Lohan stars as Ashley, the luckiest girl who ever walked the earth, but the preceding week gave the ingénue a painful reality check. Four days earlier, at a press conference held in the Long Island law office of Dominic Barbara (whose client list includes Joey Buttafuoco), Michael Lohan, Lindsay's father, announced his intention to sue his estranged wife, Dina, for a portion of their daughter's earnings, or about $3 million annually. He went on to describe both women as "emotionally unsound," and demanded that they submit to drug and alcohol testing. The next day, Lindsay's attorney sent a seven-page cease and desist letter to news outlets across the country, warning them against publishing any aspects of the account of a man who is prohibited by 14 court orders from approaching his wife and daughter; who has had numerous arrests for assault, disorderly conduct, jumping bail and issuing bad checks; who has a long history of alcohol and drug abuse; and who was incarcerated in 1990 after defrauding people in connection with commodities futures trading. Later that day, Lindsay Lohan was sued by two Los Angeles residents who claim she injured them in a traffic accident last year.

But when Lohan opens the double doors of her New Orleans hotel suite that evening, nothing about her smiling, heart-shaped freckle-face, with its giant, gleaming eyes, or the astonishing warmth of her body language, conveyed by a pair of endless arms that wag and flail ebulliently, suggests that she has just returned from the hospital—or that the gruesomely public collapse of her parents' marriage has shaken her out of the rapture of young stardom.

"I think I should have a press conference," she says, bouncing into the impeccable sitting room of an otherwise disastrous suite, with piles of clothing everywhere and empty Wendy's boxes strewn beside an orange Birkin bag. "He didn't do anything for my career, except go out and not come home at night and make my mom and me stay up and wonder where he was and then show up three days later. So I don't think he deserves anything. He doesn't even deserve my respect." She rolls her eyes. "I didn't even know about the press conference, actually. I've asked everyone who works with me not to tell me anything because I'm trying to focus on my job. And I already have people saying I'm dancing on tables at bars where there aren't even any tables—so I don't know how that's physically possible—and then people on the set are like, 'Well, maybe you're sick because you were going out too much.' So I have enough to deal with. Oh, but I did hear that my dad was suing me for alimony, and I'm like, I was never married to you!" She giggles. "So what is it for, abandonment?"
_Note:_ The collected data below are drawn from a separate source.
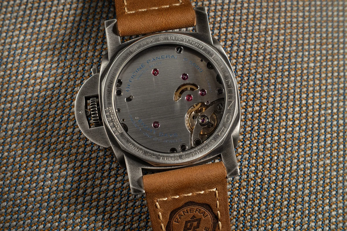ケースバックからの眺望にも同様のコントラストが見られるが、こちらには直線のヘアライン仕上げが多く施されている。搭載されているのは手巻きのパネライ自社製Cal.P.5000であり、ふたつの香箱によって約8日間という長大なパワーリザーブを誇る。今年6月発売予定である。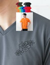 \SS〜5L/ 手書き風ハイビスカス刺繍 ドライ Vネック アジアン バリ ファッション【 吸汗 速乾 通気性 UVカット Vネック 男性兼用 】レディース vネック tシャツ 大きいサイズ ユニフォーム 半袖 エステ Tシャツ トップス マッサージ 整体 サロン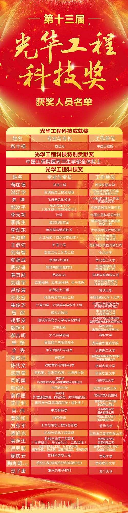 此外,還有機(jī)械工程專家蔣莊德、計(jì)量專家李天初、人工智能專家王海峰、特種功能金屬材料專家周少雄等不同學(xué)科領(lǐng)域的39位專家獲得光華工程科技獎,這些專家均以非凡的積極性和創(chuàng)造性,在各自領(lǐng)域取得了傲人成績,為我國工程科學(xué)技術(shù)事業(yè)的發(fā)展做出了巨大貢獻(xiàn)。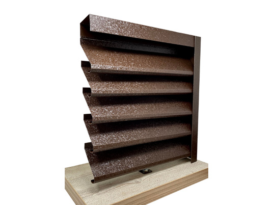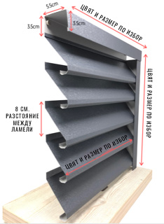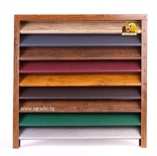 Ламелите за щори за ограда са изработени от поцинкована ламарина, покрити с два слоя грунд. Лицето на ламела е покрито с ПВЦ структурирана боя цвят “Тъмно кафяв РАЛ 8019”, а гърба на ламела е в цвят тъмно кафяв гланц.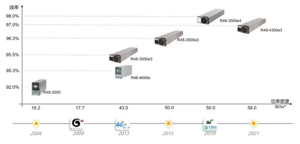 更高的转换效率意味着从市电到主设备中间的损耗的减少,更高的功率密度则意味着各类电源等基础设施的占地的减少,这对于如何有效降低基站占地,实现基站机柜化、快速规模部署尤为重要。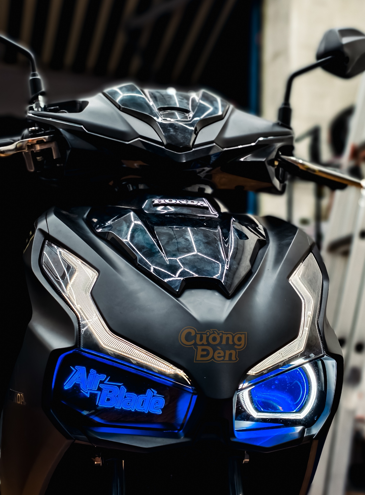 Logo Air Blade Phát Sáng: Điểm nhấn đặc biệt của gói độ là logo Air Blade được chiếu sáng ngay trên chóa đèn hoặc mặt bi cầu. Điều này không chỉ tạo ra sự nhận diện thương hiệu mạnh mẽ mà còn thể hiện cá tính riêng, khác biệt của chủ xe.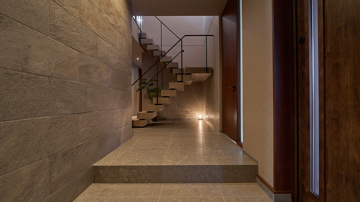 玄関:迫力ある階段を魅せるエントランス。吹き抜けから優しく光がそそぐ。
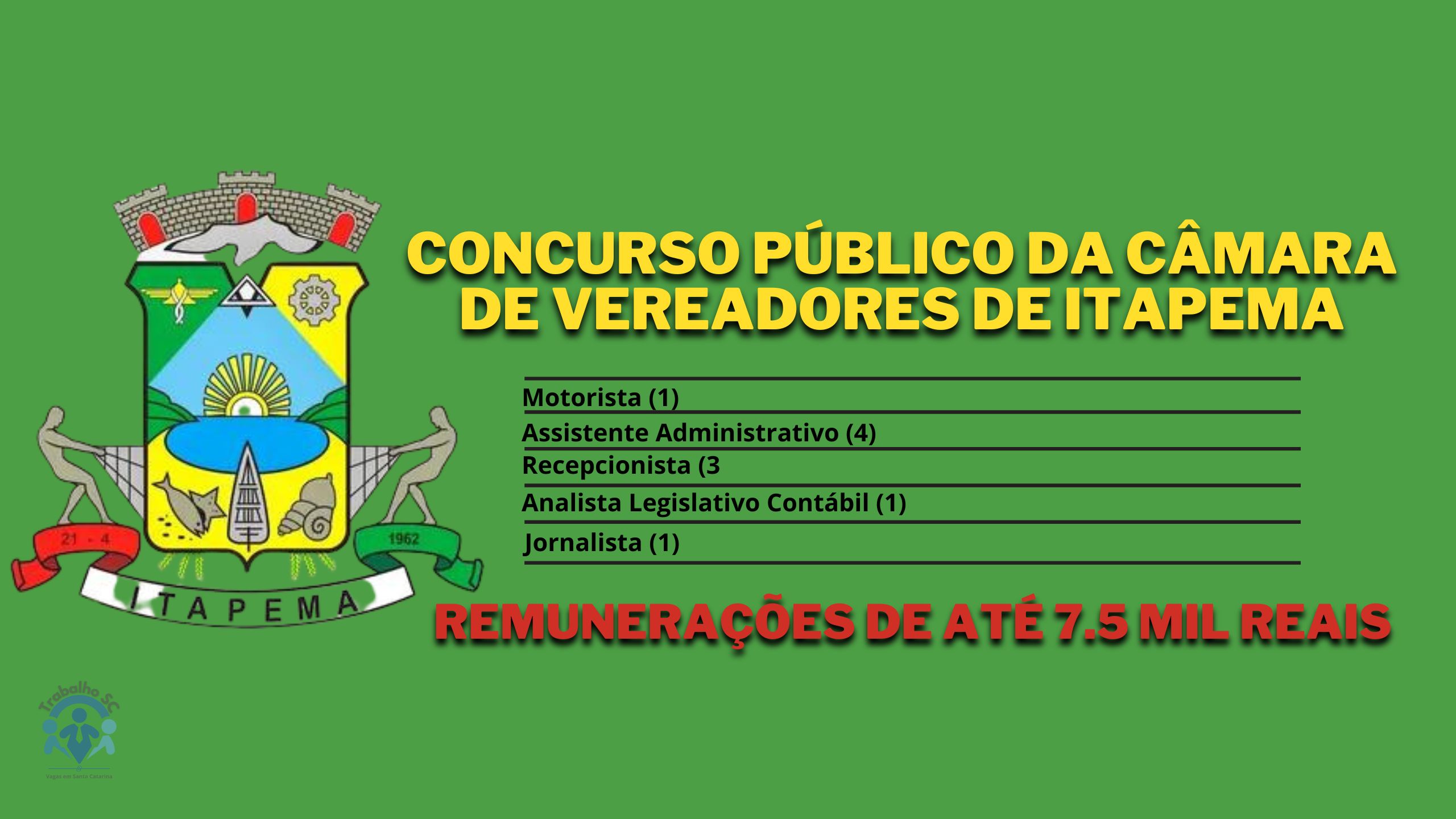 Saiba tudo sobre o Concurso Público da Câmara de Vereadores de Itapema e suas remunerações de até 7.5 mil reais.

Lohan has so completely embodied the current cultural fascination with young Hollywood starlets gone wild—the Paris Hilton types, conspicuously consuming, frantically text-messaging on rhinestone-encrusted cell phones from inside big Mercedes-Benzes, boozing, dancing, tanning, popping out of dresses, making out with high-profile lotharios—that when she scrunches into the corner of the sofa, hugs her knees to her chest and talks candidly about her dad, it comes as a delightful surprise to find that she is, after all, about 10 percent vixen and 90 percent sweet kid. But kids in show business grow up fast, and Lohan, who at age three became the first redheaded child model signed to Ford, has long since surrendered the right to a normal adolescence. And, media be damned, she's not embarrassed about being a party girl.

"I'm the type of person who doesn't really hide anything," she says. "I go to clubs and everything, and if I hang out with Paris Hilton, I don't think that's a bad thing. She's a nice girl. I relieve my stress by going out and having fun. Some people may go and take a yoga class, but people don't care about that. I'll be in L.A., and if I drive to the gym, they take that picture but they never use it because that doesn't sell. Because people like the drama. That's kind of what Hollywood's become in a way, as sad as it is, especially for younger girls." She tries out a disapproving baritone. "'Lindsay's 18 and she's at a club and she's probably drinking.' And, 'Oh, she was seen making out with Colin Farrell.' I mean, I like older guys. It's easier for me to relate to an older guy. I have a career, and, maturitywise, to be with a guy that's in college, it's going to be a little difficult. I mean, we have 18-year-olds that go to war, and they can't even have a drink. So what does that say about society? I mean, what does it really say? So then when you have an 18-year-old in Hollywood, at a party, and maybe she sees drugs on a table…."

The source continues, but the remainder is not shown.